US health care insurers are missing an opportunity to capture low-hanging fruit: better retention of members making the transition between major product classes. The two largest opportunities for such a conversion occur when commercial members become eligible for Medicare (the federal government's health care program for the elderly), at 65, and when they leave group coverage and either move to the individual market or go uninsured. Such cases include job transitions and when dependent children "age out" of their parents' coverage, which also often results in a transition from group to individual coverage.
The industry as a whole, we estimate, has a conversion opportunity worth roughly $40 billion or more a year (exhibit). Yet most health insurers, in our view, will convert less than 10 percent of their members. Many companies fail to recognize the extent of the possible gains and don't have purposeful, integrated strategies to identify and convert prospects. Our consumer research shows, for example, that 68 percent of all members aged 60 to 64 have never been approached by their current insurers to discuss retirement options.
Nonetheless, a few best-in-class payers have recognized the potential and have successfully converted up to 70 percent of the customers making the transition to a new product class. The financial-services industry also provides useful lessons for health insurers: for example, Fidelity Investments captures 50 to 60 percent of workers moving from employer-managed 401(k) retirement plans to personally owned rollover Individual Retirement Accounts (IRAs). For larger, diversified payers, conversion opportunities are probably the most attractive potential source of new individual and Medicare members.

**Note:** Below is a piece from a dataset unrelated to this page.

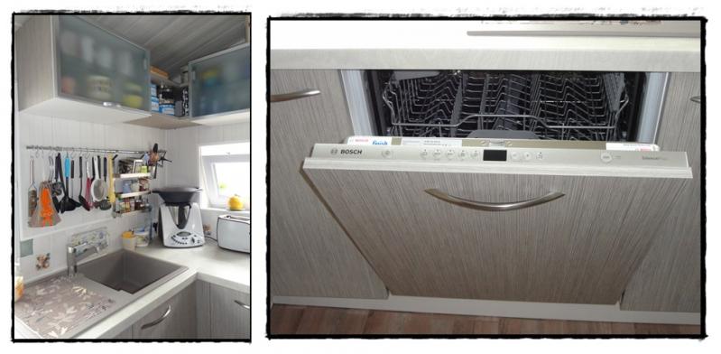 Le coin évier avec le lave-vaisselle intégré et le bandeau de commande à l'intérieur. Au-dessus de l'évier, nous avons installé une barre qui permet de cacher des trous faits par les anciens proprios. Les éléments ont des portes vitrées qui se lévent pour s'ouvrir.
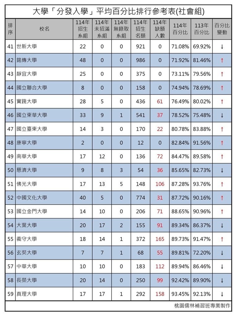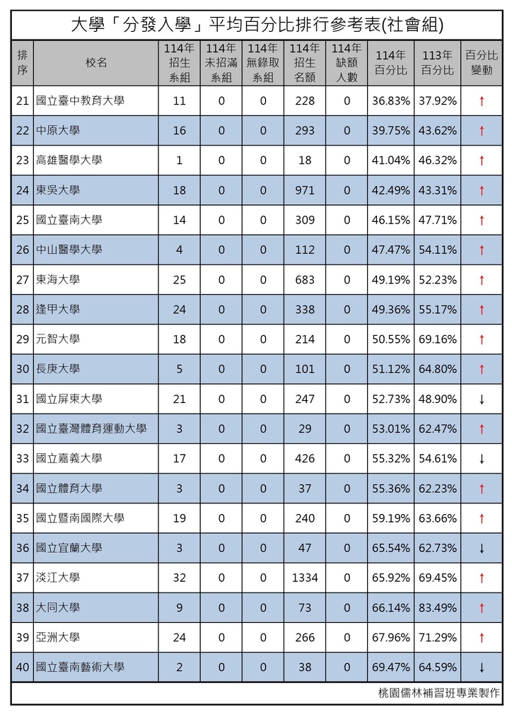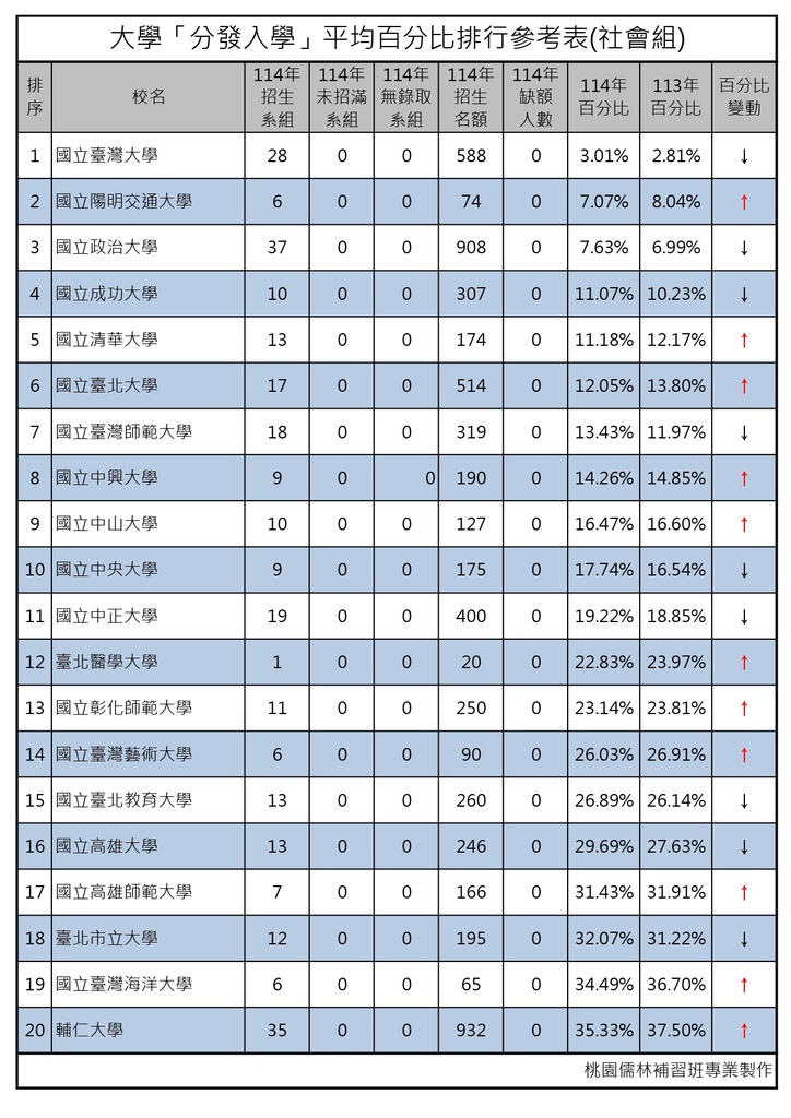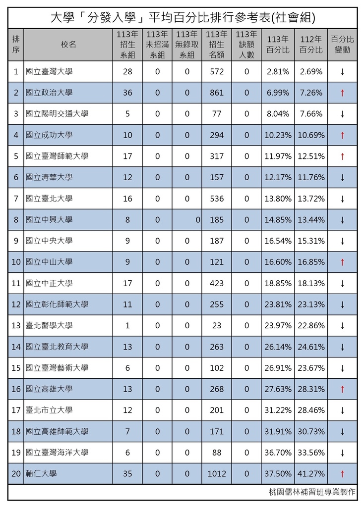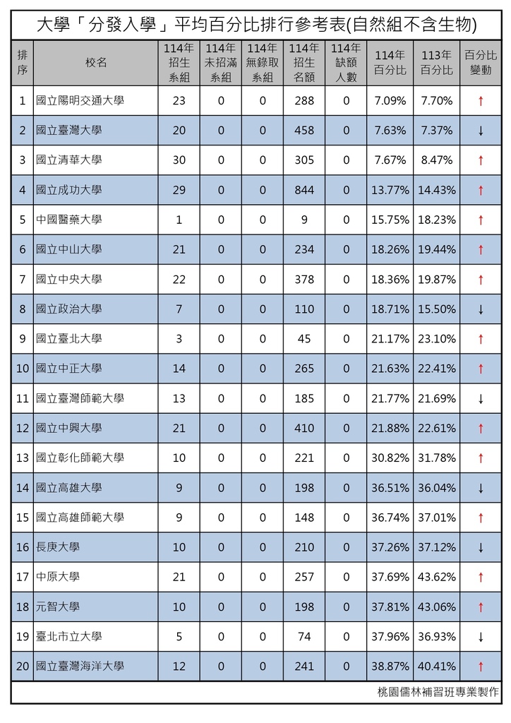 大學分類組「分發入學」平均百分比114、113年排行參考表

One reason this is true is that roughly 3 percent of a payer's group members will convert each year—a figure implying that for each million, it might sell up to 30,000 incremental policies. Moreover, the opportunity is growing as more employers drop group coverage and an increasing number of Americans turn 65. We anticipate that the number of potential conversions will grow by 4 to 8 percent, on average, each year over the next five years.
What's more, existing members may—and should—be relatively low-cost acquisition targets because companies can identify these prospects and market products to them less expensively than to nonmembers. Existing members are typically more likely to respond to outreach from their current carriers and much more likely to buy products. Converted members are often more loyal as well, so their retention rates are higher, and it is easier to then cross-sell other products and services. As incumbents, most payers have a strong starting position with this group: in McKinsey's 2007 retail health care survey, more than 80 percent of respondents aged 60 to 64 said they would consider purchasing an individual product from their current carrier if they left their jobs or retired. Contrary to popular belief, most consumers have positive experiences with their health plans, and many believe that continuing with their current carrier would be easier and less risky than switching. In other words, most consumers have a strong bias toward staying with the carrier they know.